Whether you think Google is doing this for a) the goodness of humanity and to preserve banks of knowledge that would otherwise be lost, or b)  to greedily to own all rights to profit from books, it ultimately doesn’t matter. The bottom line is that printed books are being turned into digital books. The Book as we have known it for the past 500 years is changing.

A few datapoints worth noting:

    * Amazon’s Kindle device has become surprisingly popular, despite the early naysayers. The Kindle is the first widely marketed digital book reader and Amazon sells both the device and digital book editions.

    * Analyst Forrester Research is projecting that e-reader sales in the U.S. will reach 3 million in 2009.

    * Bookseller Barnes  & Noble’s new ebook reader, dubbed the “Nook”, is being rolled out this holiday season. In early November that company reported that pre-orders were so strong the delivery date has slid to December 11 as its manufacturing struggles to keep up with demand.

    * Sales of Sony’s book device are said to be brisk as well, and Apple is rumored to be eyeing the market.

Digital content and tools for reading it are hardly new. But something about the transition of a book hits a nerve deeper than the transition of more ephemeral material. Somehow the loss of an issue of a popular magazine to the ether seems less scary than the demise of the paper book.

Books represent permanence. Having a book published is sort of holy grail for a writer. Forget that you, the writer, aren’t likely to make much bankable revenue from it – having a Published Book somehow makes you more real.

Our accumulated knowledge is stored in books.  Our earliest memories of learning are from pages of texts, often pages used by previous classes and marked with their memories as well.

There is no visual that makes as strong a statement for learning as does the library, with its tall shelves filled top to bottom with volumes that, maybe someday, one might have a chance to read.

I still remember with awe the first library that had moving stacks – the room was so filled with books that the shelves were fit against each other and a mechanical device separated them at the desired location so you could find the work you sought. For a book-deprived book lover this was heaven!

Google Books and the growing group of digital readers lack this visual punch. Yet they have the potential to make the book stronger and more vibrant. Instead of being hidden away, the book become more accessible.
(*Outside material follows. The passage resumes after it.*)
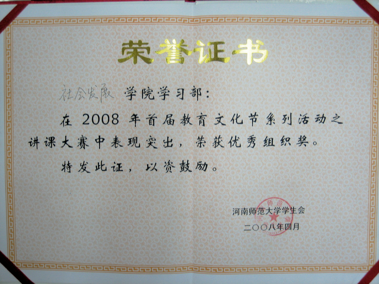 社会发展学院在2008年首届教育文化节系列活动之讲课大赛中荣获优秀组织奖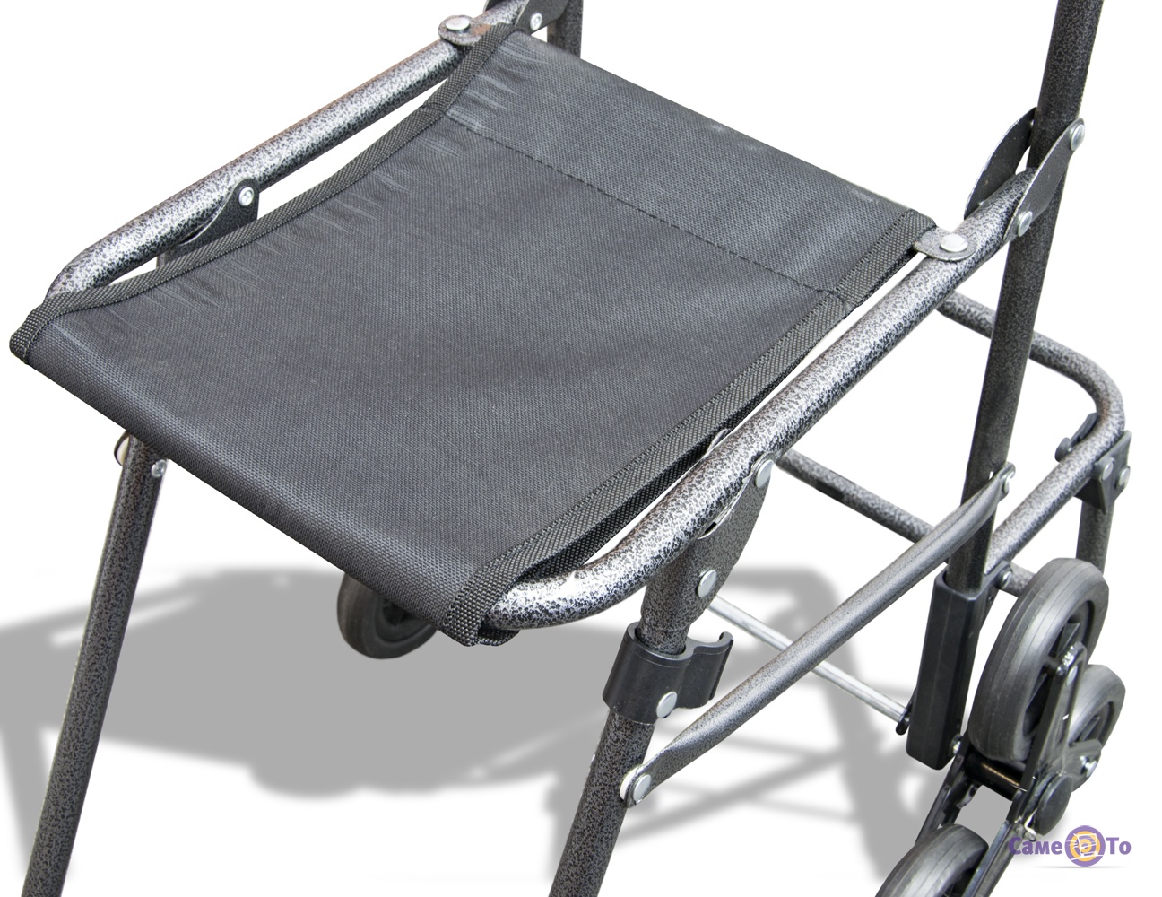 Інша цікава особливість моделі - наявність стільчика, на якому можна відпочити під час очікування транспорту або при поїздці на дачу. Сумка, з якої йде в комплекті візок, виготовлена з щільної і надійної тканини, здатної витримувати не тільки навантаження, але і тертя і перепади температур. Щільність сумки дає можливість виключити намокання речей всередині при настанні несприятливих погодних умов. Від вас буде потрібно лише правильно закрити сумку, щоб нічого всередину не потрапило.

Instead of pages decaying with age, the material is preserved in a sharable format.

The students at Cushing Academy, like students elsewhere, are of an age where they are technology natives. Those born in the past two decades don’t have the same hardwired connection to paper page and to the paradigm of physical page turning that those of use born before the digital age do.
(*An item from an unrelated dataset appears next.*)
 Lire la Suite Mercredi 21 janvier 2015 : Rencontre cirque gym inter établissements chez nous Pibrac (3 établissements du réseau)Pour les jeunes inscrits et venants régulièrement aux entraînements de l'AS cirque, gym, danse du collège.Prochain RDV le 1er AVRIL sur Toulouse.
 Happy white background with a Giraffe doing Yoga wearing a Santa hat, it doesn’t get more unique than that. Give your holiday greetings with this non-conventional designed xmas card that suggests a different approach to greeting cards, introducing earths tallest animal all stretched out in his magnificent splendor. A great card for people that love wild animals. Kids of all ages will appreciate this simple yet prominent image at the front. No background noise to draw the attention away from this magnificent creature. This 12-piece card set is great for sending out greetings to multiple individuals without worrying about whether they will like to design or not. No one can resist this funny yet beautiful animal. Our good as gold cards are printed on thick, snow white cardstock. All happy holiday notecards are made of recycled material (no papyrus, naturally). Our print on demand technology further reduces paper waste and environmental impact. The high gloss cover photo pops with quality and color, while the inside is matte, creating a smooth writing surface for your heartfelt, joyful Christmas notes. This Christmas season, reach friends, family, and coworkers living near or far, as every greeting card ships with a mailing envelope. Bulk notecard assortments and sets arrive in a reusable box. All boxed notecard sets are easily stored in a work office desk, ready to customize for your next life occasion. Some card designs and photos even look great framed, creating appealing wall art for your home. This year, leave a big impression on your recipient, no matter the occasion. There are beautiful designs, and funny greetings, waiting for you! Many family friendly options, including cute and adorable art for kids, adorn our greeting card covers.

And that’s why the big shift at Cushing happened. The Library has been transformed: its printed books have been replaced with electronic ones.
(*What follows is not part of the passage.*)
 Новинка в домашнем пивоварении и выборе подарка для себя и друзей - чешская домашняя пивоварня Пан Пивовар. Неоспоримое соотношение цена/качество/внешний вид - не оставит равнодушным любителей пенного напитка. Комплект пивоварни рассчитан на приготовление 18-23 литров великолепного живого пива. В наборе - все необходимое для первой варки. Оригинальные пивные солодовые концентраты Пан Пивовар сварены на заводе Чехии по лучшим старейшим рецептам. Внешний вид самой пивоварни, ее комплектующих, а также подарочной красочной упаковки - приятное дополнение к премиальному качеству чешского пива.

In an NPR interview about this change, one student was quoted as saying that she loved the thought of the library and all its books, but she never went there. Now, that is it a sort of social learning center with all digital material, she is there all the time. She still loves the library, she says, but now she loves it and uses it.

Let’s say this again – this ritzy private school has replaced the majority of its books with digital works.
 
In PR speak, it says it has done this to be at the “forefront of a pedagogical and technological shift.” In other words, teaching and learning is no longer tied to Books-as-We-Know them.

A book is a long-term collection of information, knowledge, and human expression. We know and love the printed book because, well, it is what we know and love.  Being accessible in a digital form doesn’t make them any less books – it just makes them books delivered in a different form.